Copy out the whole listing exactly as written, leaving the pictures behind.

## Given data
---------------
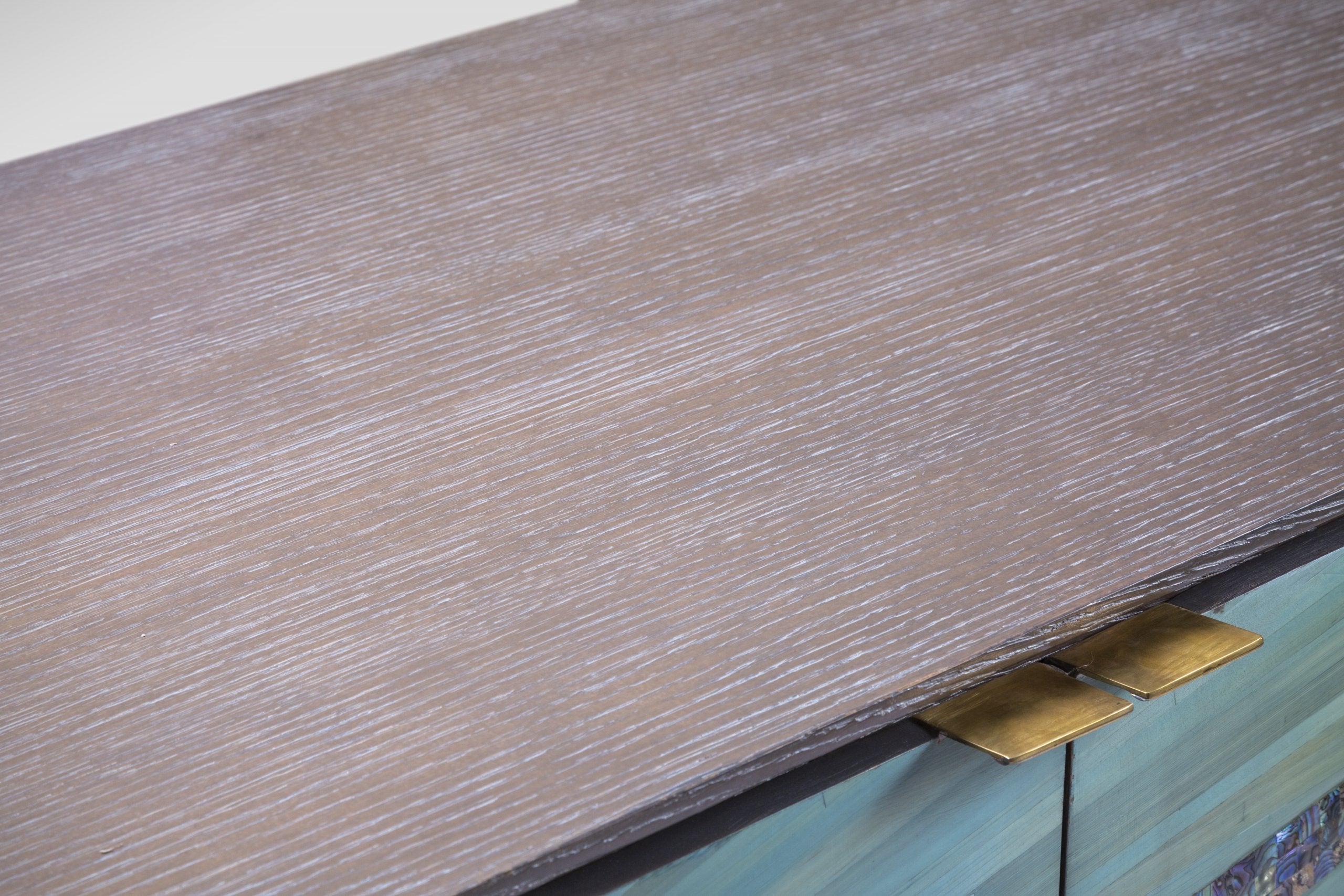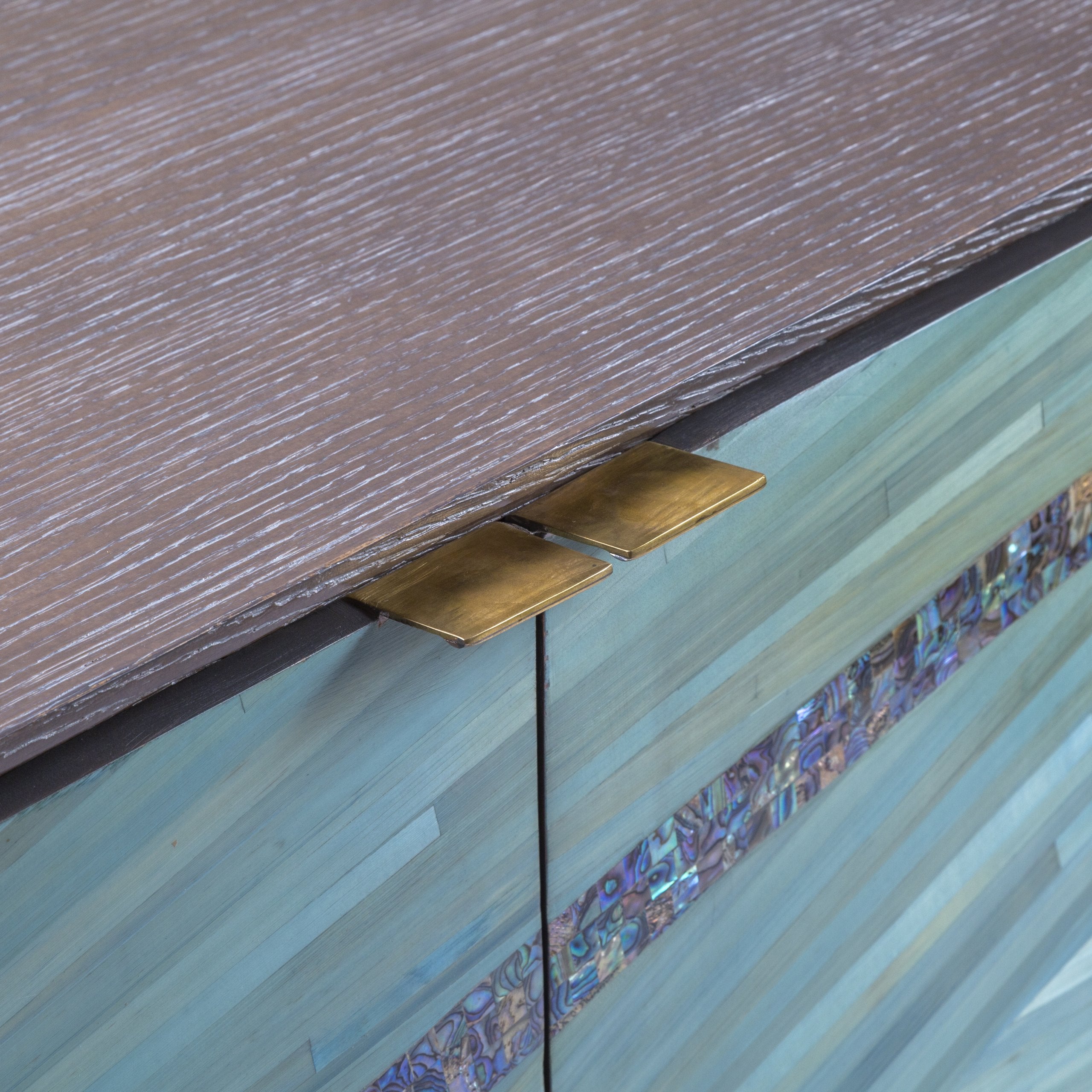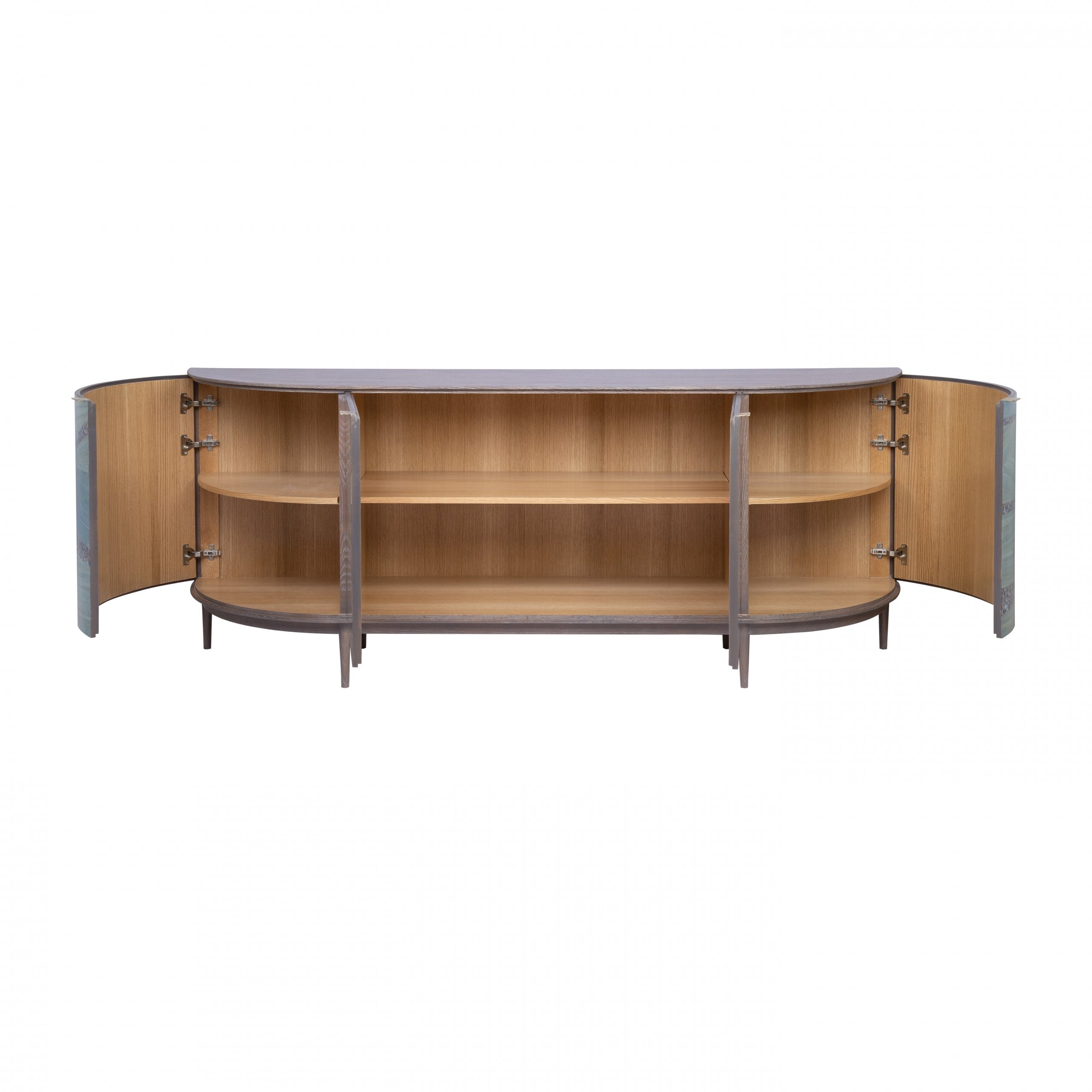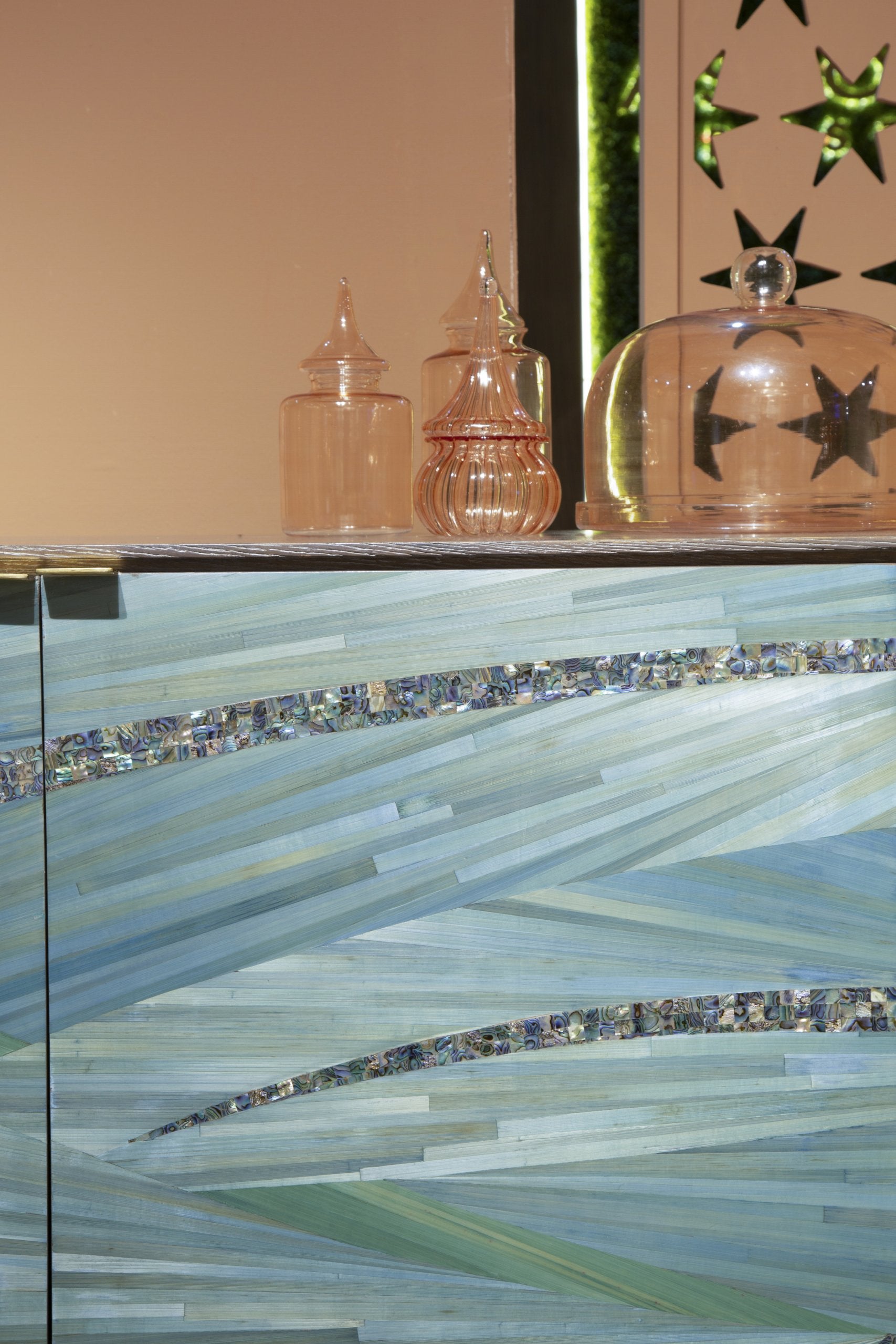 A distinctive dining buffet that is a feast for the eyes. Hand-laid, luscious shades of blue, signature Shewekar-Straw infused with unique turquoise mother-of-pearl, give it an ethereal look and feel. The curved sides complement the intertwined, flowing patterns, all floating seamlessly on a delicate wooden base, making this a true masterpiece that lifts everyone’s spirits.
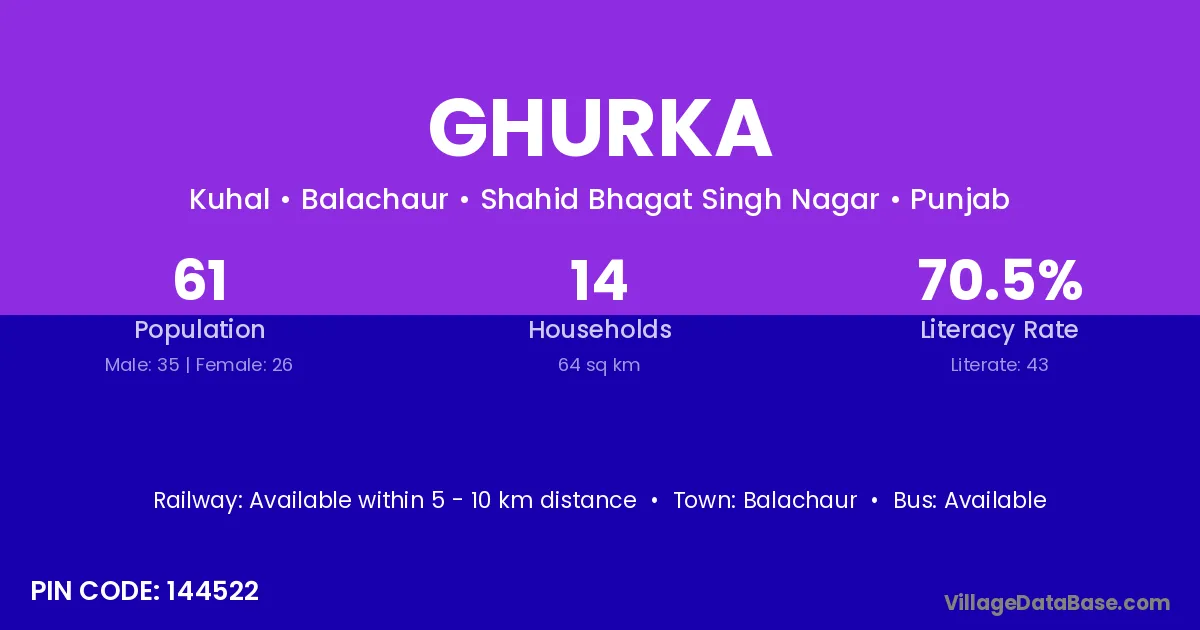 There are approximately 627 households in Ghurka village.
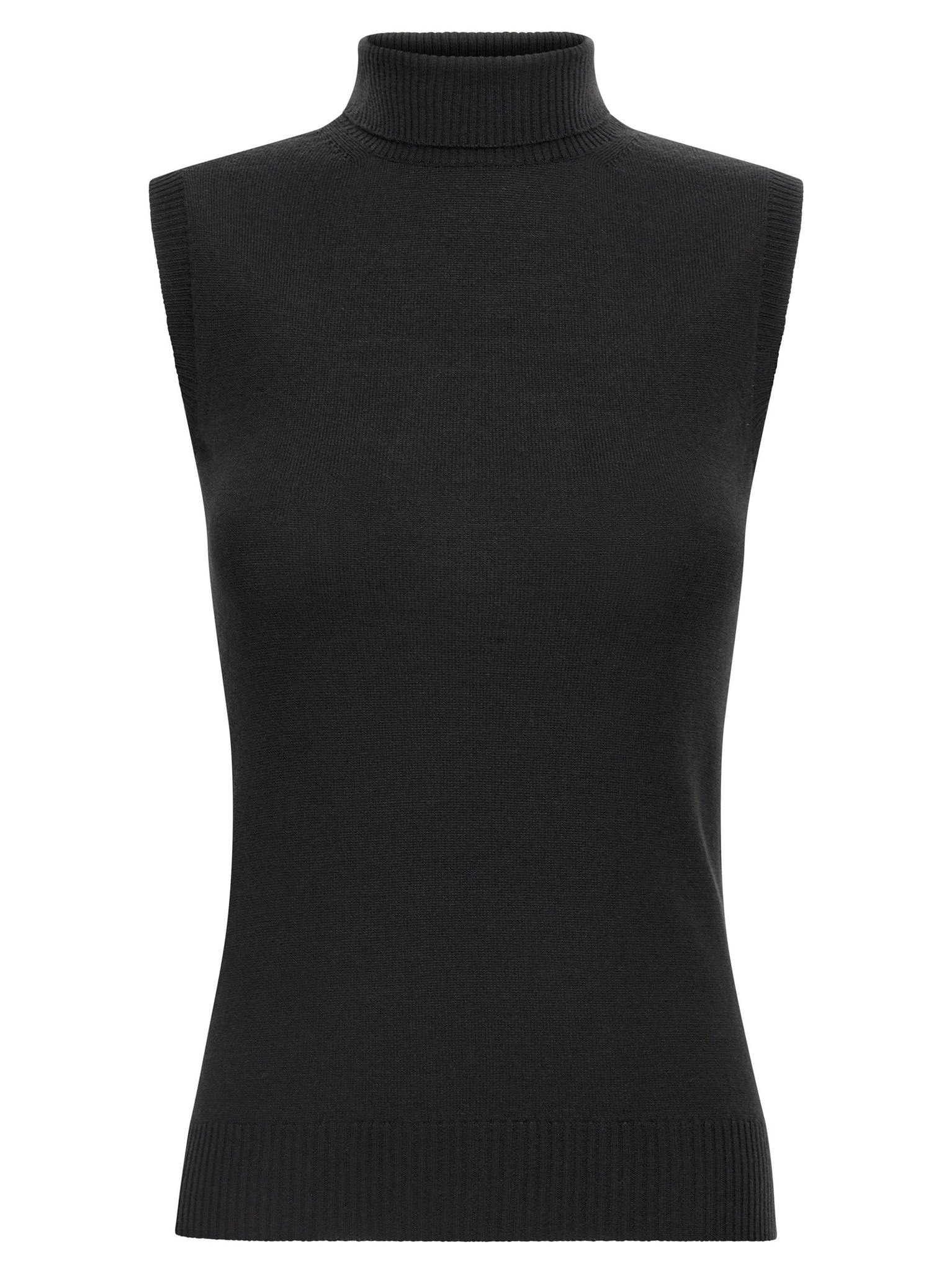 The Sportmax Vertigo Wolf sleeveless high‑neck sweater is knit in thin, pure wool for breathable warmth and a refined drape. Its fitted silhouette is true to size, offering clean lines that layer easily under jackets or stand alone for a streamlined look. Designed for fall wardrobes, this black piece balances minimalist styling with luxe fiber and precise tailoring.
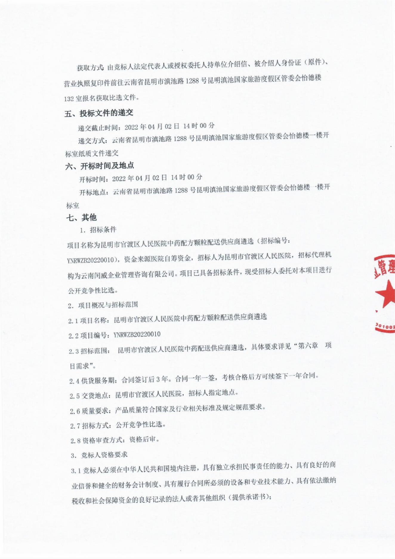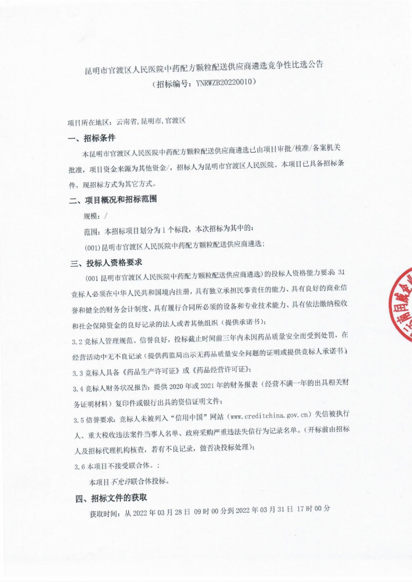 【官渡区人民医院】云南昆明市官渡区人民医院中药配方颗粒配送供应商遴选竞争性比选公告
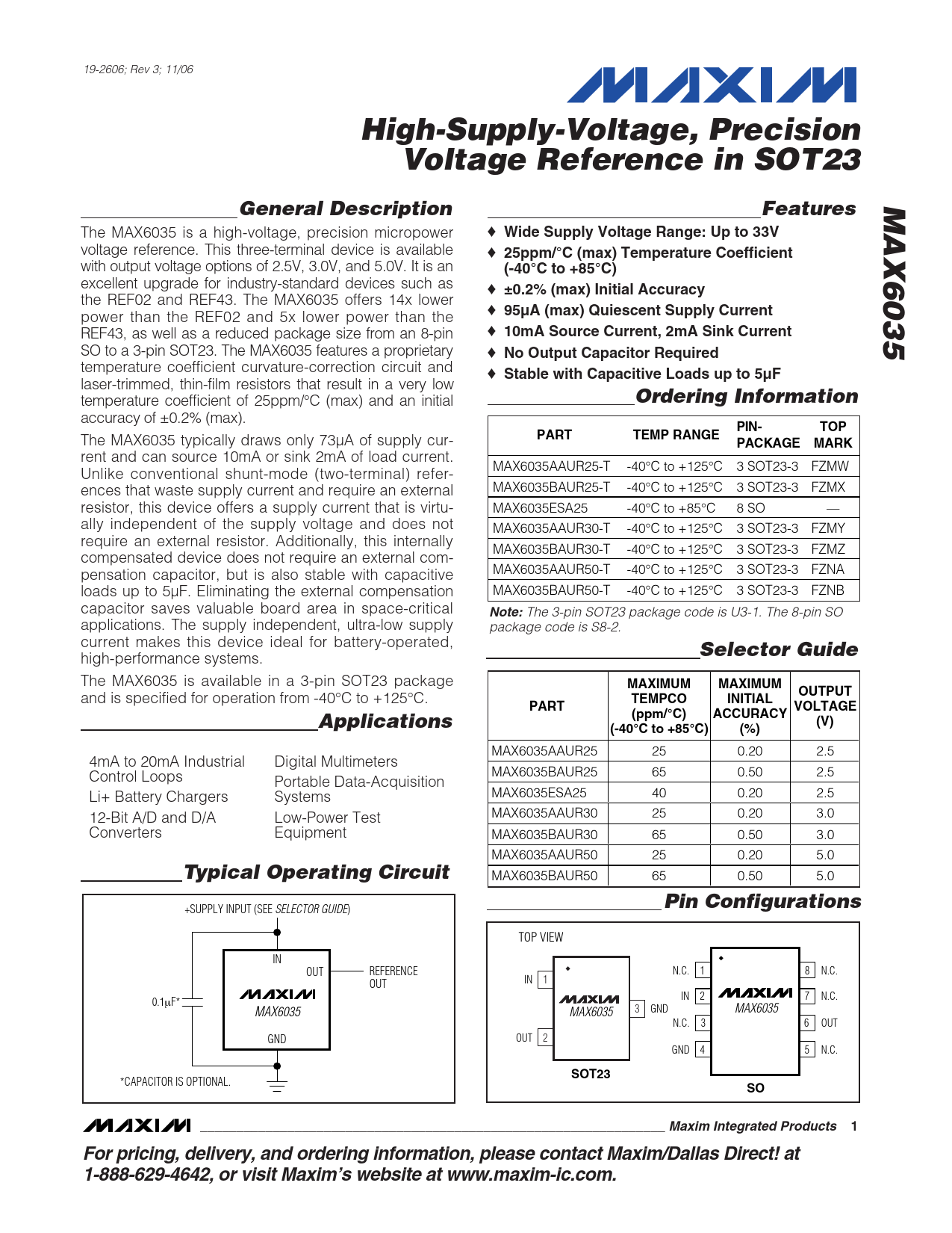 SO to a 3-pin SOT23. The MAX6035 features a proprietary ♦
---------------
## The completed task
 A distinctive dining buffet that is a feast for the eyes. Hand-laid, luscious shades of blue, signature Shewekar-Straw infused with unique turquoise mother-of-pearl, give it an ethereal look and feel. The curved sides complement the intertwined, flowing patterns, all floating seamlessly on a delicate wooden base, making this a true masterpiece that lifts everyone’s spirits.
 There are approximately 627 households in Ghurka village.
 The Sportmax Vertigo Wolf sleeveless high‑neck sweater is knit in thin, pure wool for breathable warmth and a refined drape. Its fitted silhouette is true to size, offering clean lines that layer easily under jackets or stand alone for a streamlined look. Designed for fall wardrobes, this black piece balances minimalist styling with luxe fiber and precise tailoring.
 【官渡区人民医院】云南昆明市官渡区人民医院中药配方颗粒配送供应商遴选竞争性比选公告
 SO to a 3-pin SOT23. The MAX6035 features a proprietary ♦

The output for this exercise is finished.